Sus ganas de estar sola, de no tener nada que hacer, sólo escuchar música muy alto, tan alto que ya no pudiese oírse a sí misma (ni a nadie) nunca más. Una música que llenase sus oídos, su mente, su corazón, su cuerpo. Una música que completase cada uno de sus vacíos, una música que le prometiese que nunca se iba a ir.

Sus tazas de café le recordaban corazones pasados. Rojas, negras, con dibujos, con letras, con poemas, con flores. Tazas que le recordaban que hubo gente, alguna vez, que las usó para tomar café por la mañana, a la mañana siguiente. Mañanas que habían sido el "after" de un previo, de una noche previa, donde había escuchado lo que no quería oír de ellos, donde había dicho lo que no sentía, donde había hecho lo que no quería.
Una vez cada dos meses, ella rompía todas sus tazas. Así pensaba que se rompían sus recuerdos, pero sólo se esparcían. Más pequeños, como cada trozo de cada taza, pero más, más numerosos, más difíciles de recoger. Odiaba sus tazas. Ella bebía café en vaso.
A veces también rompía vasos, pero eso no estaba programado.

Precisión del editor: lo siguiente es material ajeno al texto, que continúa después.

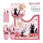トイレマットセット 4点 約60×60cm トイレマット+洗浄便座用フタカバー+スリッパ+ペーパーホルダーカバー (魔女の宅急便/ジジとデート) ピンク センコー
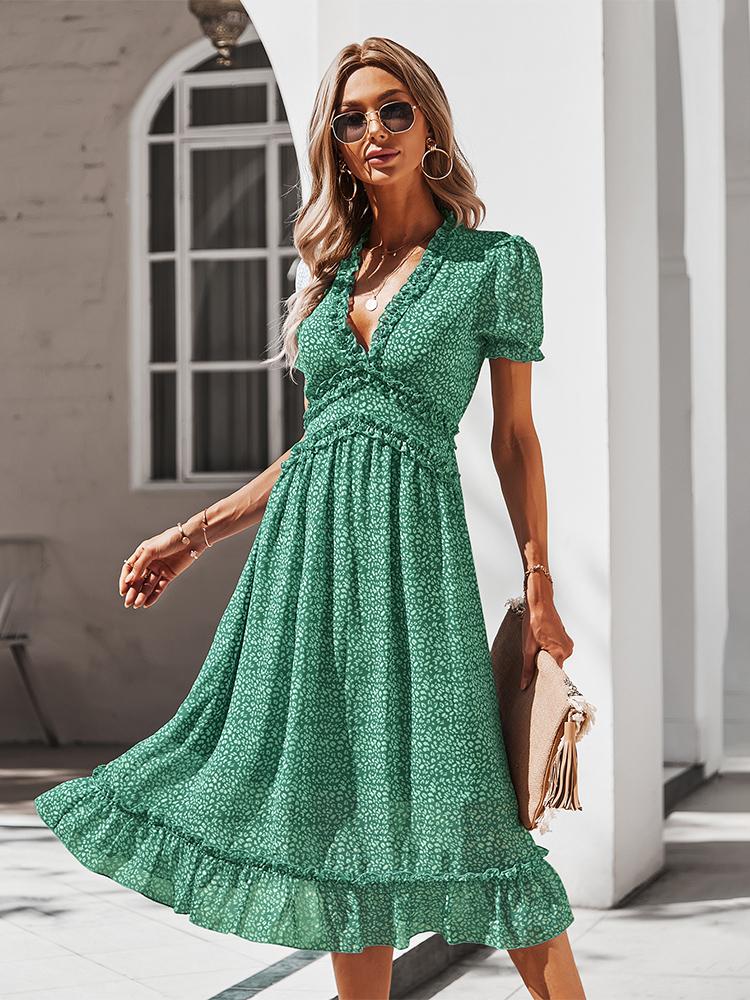 V Neck High Waist Short Sleeve Swiss Dot Maxi Dress

Otras veces, escribía canciones. canciones que no eran buenas, canciones que nadie quería, canciones que eran borratajos de letras imposibles, que no tenían ritmo, que no tenían ganas de ser canciones.
Sus púas cogían polvo, igual que su guitarra, y sus dedos se encallaban el día que decidía volver a hacerle mimos, los mimos que mucho tiempo antes le dedicaba todos los días.


Pero ya no, porque su septiembre ya no era como sus otros septiembres y porque hacía tanto calor que ya no quería mantas, ni chocolate caliente, ni tazas rotas, ni ganas de romperlas.